GELF (Graylog Extended Format) driver does not handle partial log lines or log metadata #43162

smullenrga · 2022-01-18T18:37:15Z

GELF logging driver does not handle log metadata and therefore does not handle docker partial log line reassembly or passing of the metadata to a downstream processor.

Steps to reproduce the issue:

Enable the GELF driver in your daemon.json file.
In a docker container, generate a STDOUT line greater that 16k
Review logs generated through GELF and notice they are missing metadata and are not reassembled.

Describe the results you received:
GELF generated logs from lines greater than 16K are missing the required metadata for proper reassembly and they are improperly concatenated onto each other. This issue was found running Ansible AWX 19.X in a kubernetes environment configured to use GELF. When an ansible command generates an output line greater than 16k, Docker splits the line at 16k and the GELF driver messes up the output data and thereby breaks the AWX GUI because the log lines are no longer parsable JSON.

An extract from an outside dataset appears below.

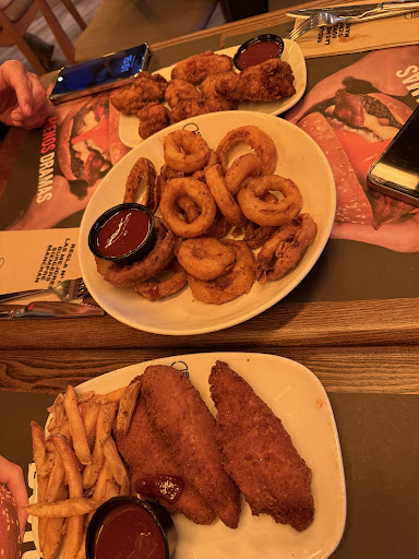 The food was truly abysmal. The onion rings were nearly burned, teetering on the edge of being inedible. While the chicken wings and tenders were passable, the chicken burger was catastrophically overcooked, with a crust so hard it was almost impossible to bite into. The patty itself, along with the entire burger, was unbearably dry, rendering it completely inedible. The accompanying fries were equally overcooked and lifeless. As for the vegetable burger, it was a dense, unappetizing brick that no person should be expected to consume.

Describe the results you expected:
Expect to see either the full 16K+ log line reassembled properly or a log message containing the partial log line metadata and the partial log message.

Additional information you deem important (e.g. issue happens only occasionally):
Looking at the source code in daemon/logger, jsonfilelog appears to have been modified to handle partial log lines by concatenating log lines until PLogMetaData.last is true (or PLogMetaData is nil).

Fluentd appears to have been updated to read metadata from the PLogMetaData and post it along with the message content.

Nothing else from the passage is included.